最下位からわずか10日!ヤクルト奪首 山田けん引7戦6発

[ 2015年7月3日 05:30 ]

<ヤ・神>8回、山田はこの日、2本目の本塁打を放ちナインとハイタッチ

セ・リーグ ヤクルト10-1阪神

(7月2日 神宮)
 大混戦のセ・リーグは再び全球団に貯金がなくなり今度は10日前に最下位だったヤクルトが首位に躍り出た。2日、阪神に大勝して4連勝。勝率5割で並んだが、勝利数が多いため、4月29日以来の首位に立った。絶好調の山田哲人内野手(22)が5回に2試合連発となる16号ソロを放つと、8回にも17号ソロ。この日、マツダオールスターゲーム2015に監督推薦で2年連続出場を決めた若武者は、最近7戦6発と量産し、チームをけん引している。

 3点リードした5回の攻撃前。ヤクルトの一塁側ベンチ前では円陣が組まれた。三木作戦兼内野守備走塁コーチから「後ろ(救援)の投手も頑張っているから楽にさせてあげよう」の声が飛ぶ。接戦続きで、ロマン、オンドルセク、バーネットの勝利の方程式は連投中。「点を取れ!」との号令に即、反応したのが山田だった。

 フルカウントから能見の内角直球をコンパクトに振り抜き、2戦連発の16号ソロを左翼席に突き刺した。さらに衝撃は9―1の8回だ。2ボールから「空振りしてもいいと、思い切り自分のスイングをした」というフルスイングで、島本の直球を左翼席上段に運んだ。

 「チームの雰囲気が凄くいいので、続けていけるように頑張りたい。あしたも勝って、貯金生活を送りたいと思います」

 最近4試合で3度目のお立ち台に、自然と声も弾む。今季3度目のマルチ本塁打、最近7試合で6発と量産態勢に入り、リーグトップの同僚・畠山に2本差に迫った。好調の要因を「フルスイングできている。自分のタイミングで打てているのが一番」と話す。そのフルスイングは、夢舞台への予行演習となった。
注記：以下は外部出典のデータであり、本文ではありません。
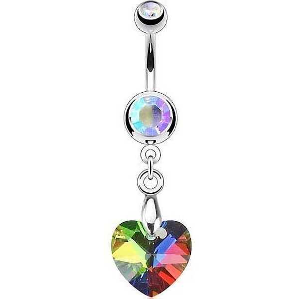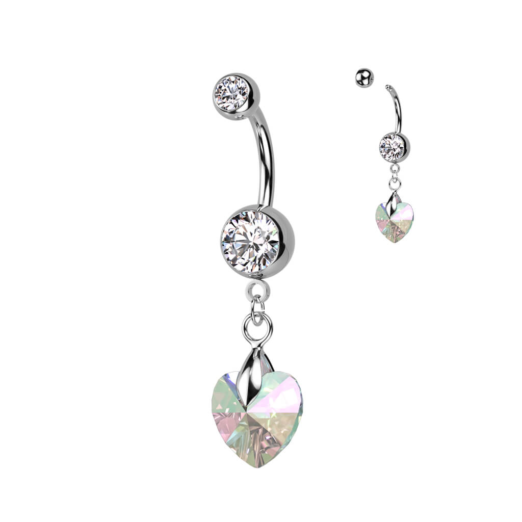 Piercing Ombelico Pendente a cuore in argento e zirconi
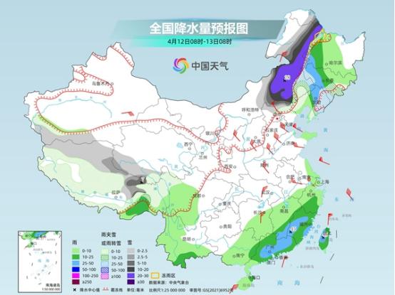 中國天氣網(wǎng)提示,北方這輪雨雪過程中,內(nèi)蒙古中東部、黑龍江西北部、吉林東部、遼寧東北部降雪強(qiáng)度大,不利交通出行和農(nóng)牧業(yè)生產(chǎn),公眾需做好溫室大棚、簡(jiǎn)易搭建物、牲畜棚圈加固工作。11日午后至12日傍晚,江淮南部、江南、華南、西南地區(qū)東部將有大范圍強(qiáng)對(duì)流天氣,局地有12級(jí)以上雷暴大風(fēng)或冰雹,建議公眾盡量減少外出,注意安全。
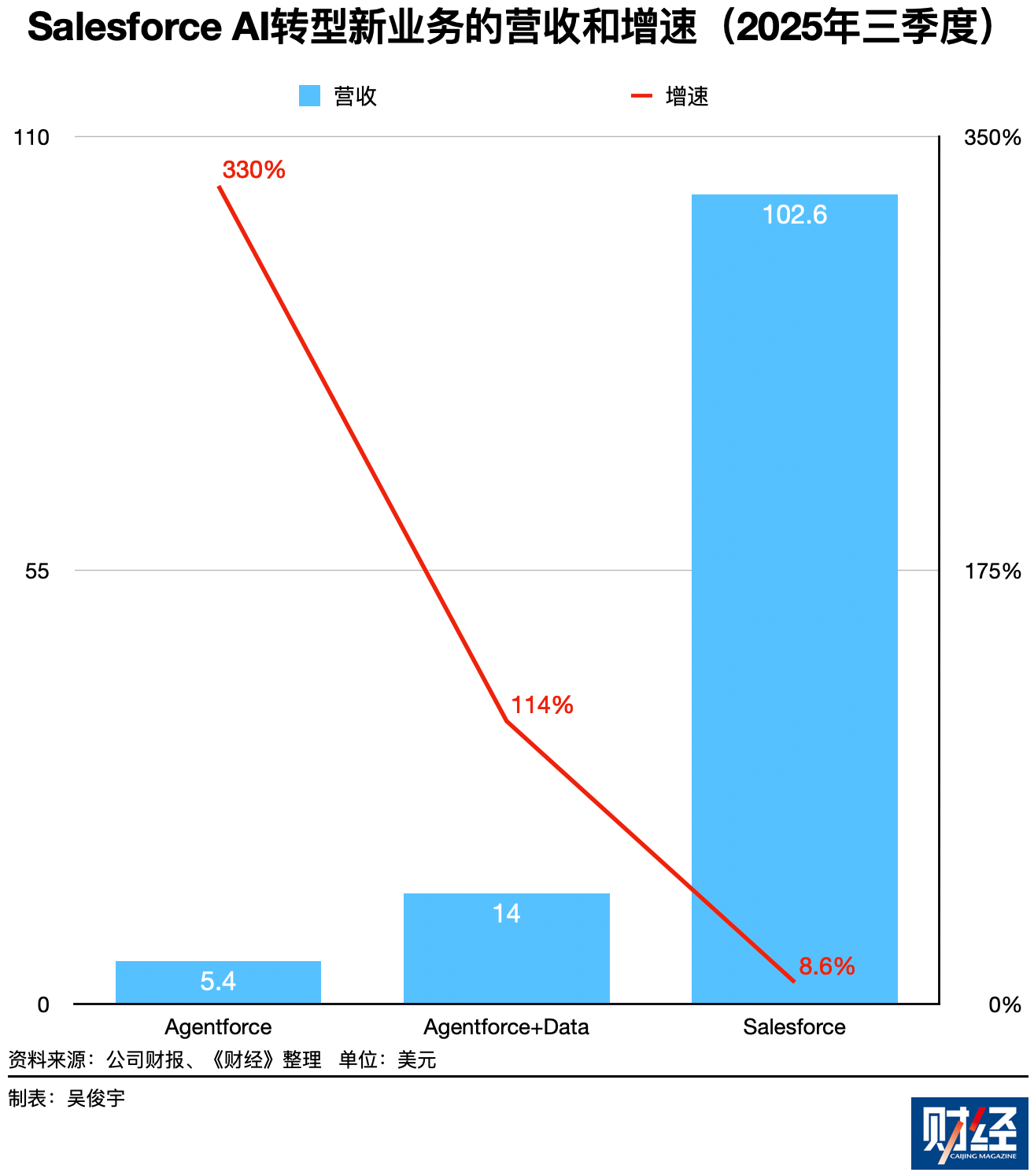 Salesforce的AI转型在业绩上已经初显成效。Agentforce+Data这两款拳头产品在其总营收中的占比已经达到了13.6%。Agentforce+Data当季ARR(年度经常性收入,可理解成订阅收入)接近14亿美元,同比增长114%。其中Agentforce在2025年三季度ARR 5.4亿美元,同比增长330%。

 試合前に吉報が届いた。監督推薦で2年連続2度目の球宴出場が決定。「素直にうれしいです」と喜んだ22歳は、真剣なまなざしで宣言した。「全打席で本塁打を狙います!!」。これは「球場が盛り上がるような打撃をしたい。本塁打を打たないと面白くないし、打てば賞にも近づける」というお祭り舞台ならではの山田流の盛り上げ方だ。

 初出場だった昨年は、甲子園で行われた第2戦で見事にアーチを描き、敢闘賞をゲットした。2度目となる今年は「大谷君の直球を打ちたい。160キロ?狙います」と、2学年下の日本球界最速右腕にターゲットを定めた。狙うは一発、そして2年連続の賞ゲットだ。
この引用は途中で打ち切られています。